═════ GIVEN RECORDS ═════

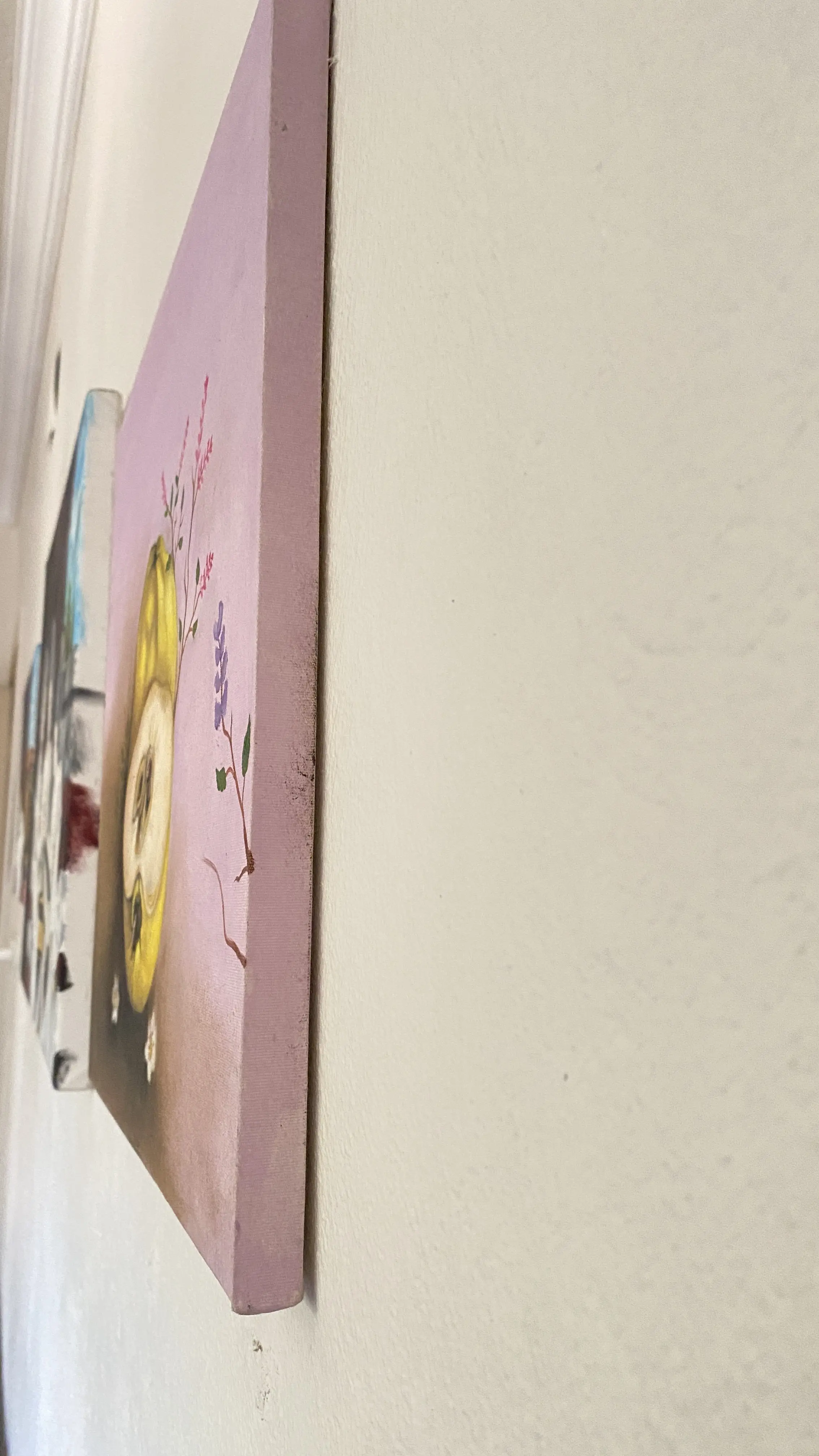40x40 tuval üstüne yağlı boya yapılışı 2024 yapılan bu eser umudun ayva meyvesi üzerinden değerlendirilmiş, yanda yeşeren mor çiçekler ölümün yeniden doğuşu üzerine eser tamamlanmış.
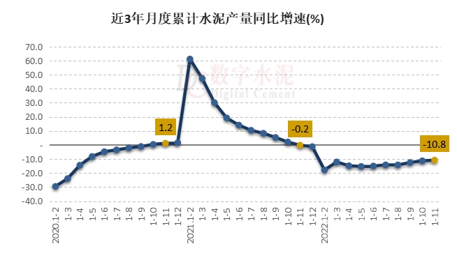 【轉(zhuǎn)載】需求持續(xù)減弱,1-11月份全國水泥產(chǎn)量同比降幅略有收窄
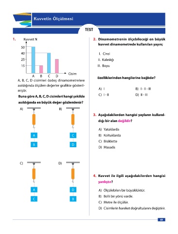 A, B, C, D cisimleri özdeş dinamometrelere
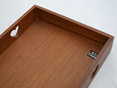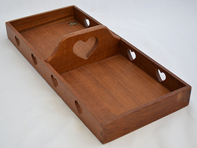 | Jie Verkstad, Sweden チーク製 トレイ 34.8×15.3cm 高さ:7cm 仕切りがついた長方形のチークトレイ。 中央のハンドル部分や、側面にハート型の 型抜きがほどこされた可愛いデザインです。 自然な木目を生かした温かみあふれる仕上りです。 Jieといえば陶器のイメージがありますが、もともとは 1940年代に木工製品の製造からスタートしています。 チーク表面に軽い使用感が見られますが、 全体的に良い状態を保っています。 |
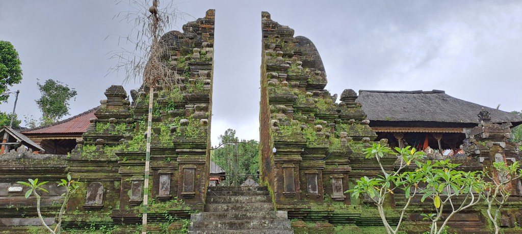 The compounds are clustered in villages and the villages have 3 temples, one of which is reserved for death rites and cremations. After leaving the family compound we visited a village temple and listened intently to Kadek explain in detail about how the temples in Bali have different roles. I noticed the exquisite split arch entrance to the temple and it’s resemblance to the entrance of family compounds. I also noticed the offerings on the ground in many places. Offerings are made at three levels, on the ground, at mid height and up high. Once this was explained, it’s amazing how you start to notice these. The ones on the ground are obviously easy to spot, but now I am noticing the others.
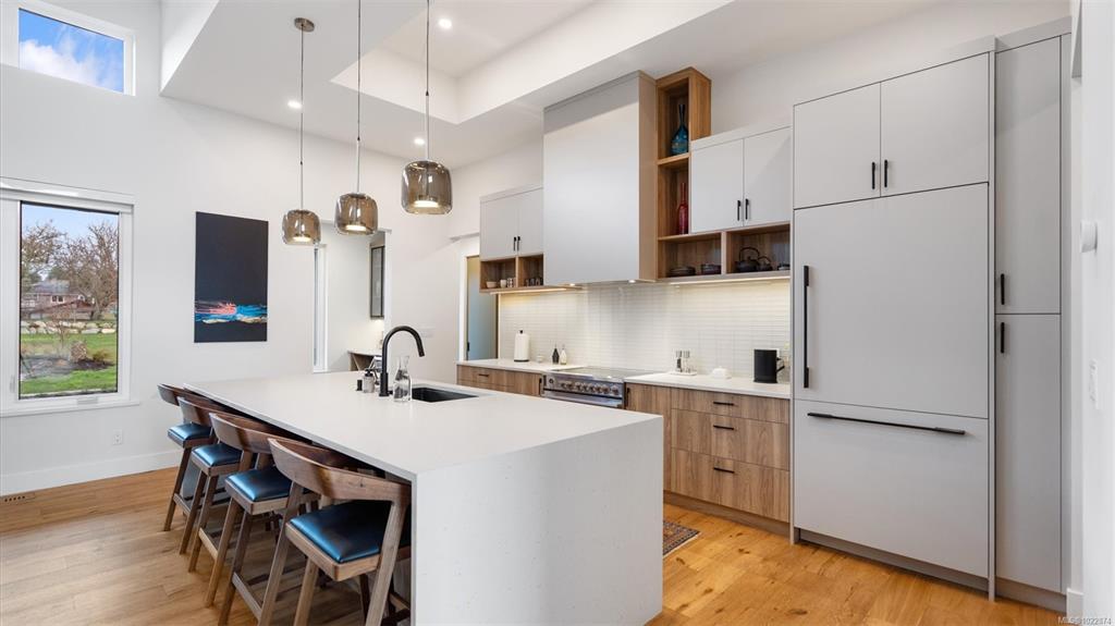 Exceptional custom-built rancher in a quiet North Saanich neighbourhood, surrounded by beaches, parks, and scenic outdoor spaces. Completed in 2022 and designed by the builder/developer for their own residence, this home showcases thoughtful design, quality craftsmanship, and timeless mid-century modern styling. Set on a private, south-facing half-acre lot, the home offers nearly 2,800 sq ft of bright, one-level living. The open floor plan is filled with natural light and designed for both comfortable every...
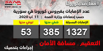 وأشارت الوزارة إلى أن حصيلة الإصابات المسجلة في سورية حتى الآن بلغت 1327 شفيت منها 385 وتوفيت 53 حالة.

═════

> **WHAT THIS TASK INVOLVES**
Leave out every picture and copy, exactly as written, the lines from the one with "Exceptional custom-built rancher" through the end of the records above.

> **REPLY TO THE EXERCISE**
 Exceptional custom-built rancher in a quiet North Saanich neighbourhood, surrounded by beaches, parks, and scenic outdoor spaces. Completed in 2022 and designed by the builder/developer for their own residence, this home showcases thoughtful design, quality craftsmanship, and timeless mid-century modern styling. Set on a private, south-facing half-acre lot, the home offers nearly 2,800 sq ft of bright, one-level living. The open floor plan is filled with natural light and designed for both comfortable every...
 وأشارت الوزارة إلى أن حصيلة الإصابات المسجلة في سورية حتى الآن بلغت 1327 شفيت منها 385 وتوفيت 53 حالة.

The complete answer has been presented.